Mikey Replan
Master of Design in Interaction Design — Graduate Interaction DesignMemora
Memora is an AI-powered system that creates a living, multimodal paper trail of requirements across the entire lifecycle of a complex product. It tackles a persistent problem in modern Engineering–Product–Design (EPD) organizations: context gets lost.
Decisions scatter across Slack threads, meetings, JIRA tickets, Figma comments, and emails—making it hard for integrated product teams to understand why requirements changed, what tradeoffs were made, and what the current “source of truth” really is.
Memora solves this by automatically capturing, structuring, and narrating decision context as it evolves. It ingests artifacts from existing tools, links them to requirement objects, and surfaces a clear lineage—what changed, who changed it, and what user or technical insight drove the shift. Teams get traceability, transparency, and shared understanding without extra workflow overhead.
Further, this project is a reflection of a persistent problem I encounter every day. There's so many tools and locations where information is documented and maintained. It has become fragmented and fragile, especially revealing when coworkers leave the organization taking their valuable context. With the rise of agentic AI, this project explores how we can maintain information continuity over the long term.
This project was a culmination of what we learned from our instructors, industry guest speakers and peer reflections regarding the design challenges organizations face today! Weekly feedback was given to help define the problem I was tackling, resulting in a precise pitch as well as problem statement. A fictional organization that uses Memora was developed to help highlight the benefits of this new design.
- Always have a concise elevator pitch ready: being able to describe a complex app in a succinct manner hooks interests and helps people join your cause!
- Understand the problem you're solving ...from all levels: back up the problem with key research findings. Interviewing not only prominent C-suite leaders but also individual contributors of varying experience levels helps gather a rich perspective of the issue.
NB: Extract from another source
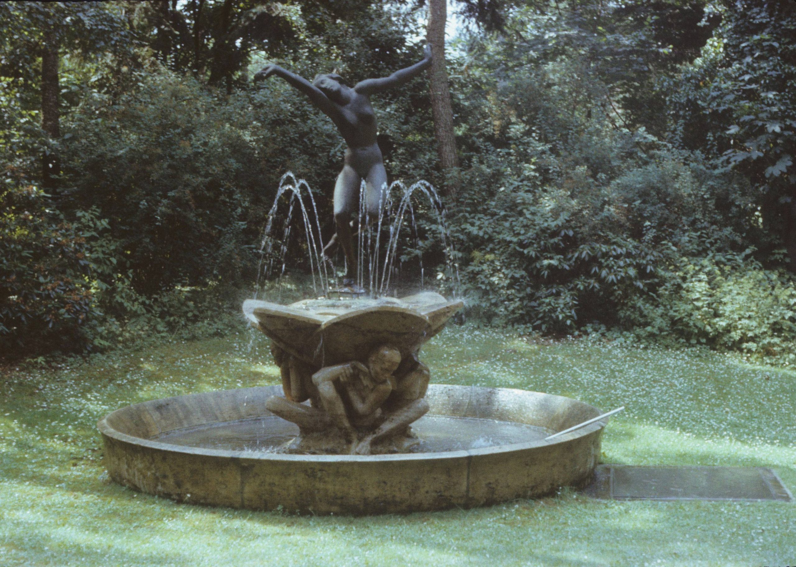 Im hinteren, d. h. südlichen Teil des Hausgartens, inmitten der Rasenfläche ist der Tänzerin-Brunnen Kolbes als wichtigster Blickfang der Gartengestaltung platziert. Im Zentrum des runden Beckens aus Muschelkalk steht als Sockel für die Bronzefigur der Tänzerin die aus Muschelkalk gearbeitete Skulpturengruppe dreier hockender weiblicher Figuren, auf deren Schultern ein blütenförmiger Kranz aufliegt, aus dem das Wasser spritzt und auf dem die Tänzerin montiert ist. Diese weibliche Aktfigur ist in expressiver Bewegung dargestellt, sie streckt beide Arme seitlich vom Körper, hat den Oberkörper gedreht und den Kopf geneigt, sie steht auf den Zehenspitzen ihres rechten Fußes, während das linke Bein angewinkelt ist (Susanne Kähler).
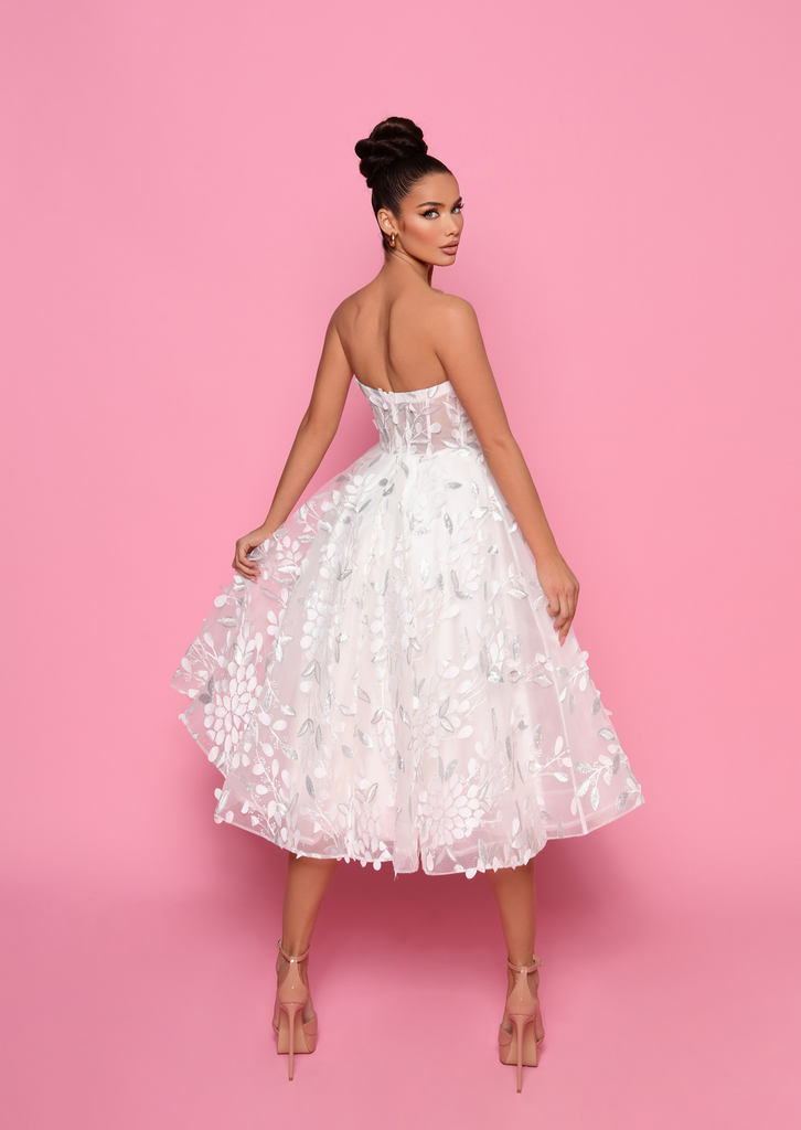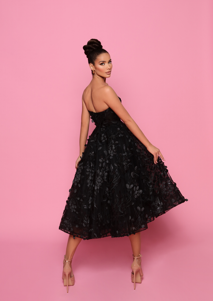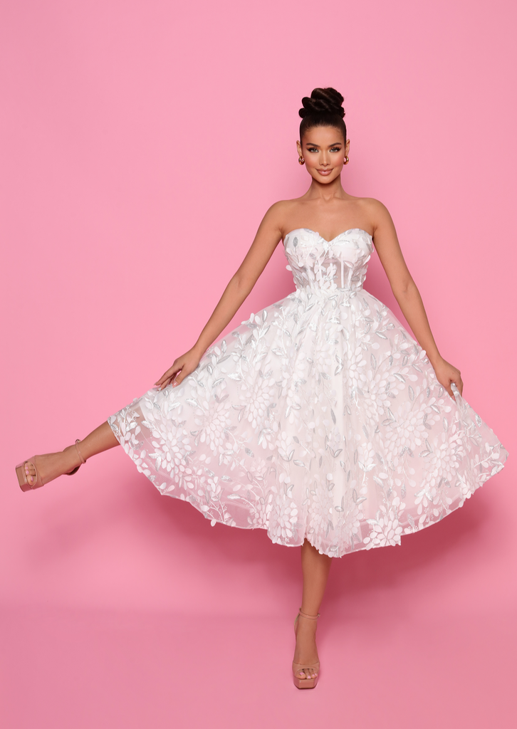 A beautiful midi length dress by Australian Designer Nicoletta, Style NP145. A lovely floral detailing covers the length of the Royal Midi, which also features a strapless, sweetheart neckline. The Royal Midi is cinched at the waistline before flaring out to create the classic A-line silhouette. The Royal Midi is designed with premium fabrics to ensure that you stay comfortable and look great all day. It's made with the highest quality craftsmanship and attention to detail.

- Had fun making a mascot!: I took a fun excursion by also iterating the Memora mascot, Tracy (a film noir detective remora fish), to help make this application memorable and charming. I took inspiration from the Salesforce series of mascots that represented various SaaS capabilities. GenAI tools were exponentially growing in that semester and was an excellent opportunity to exercise them. I love the whimsical contrast of the helpful Tracy mascot to the mundane unglamorous work of managing requirements.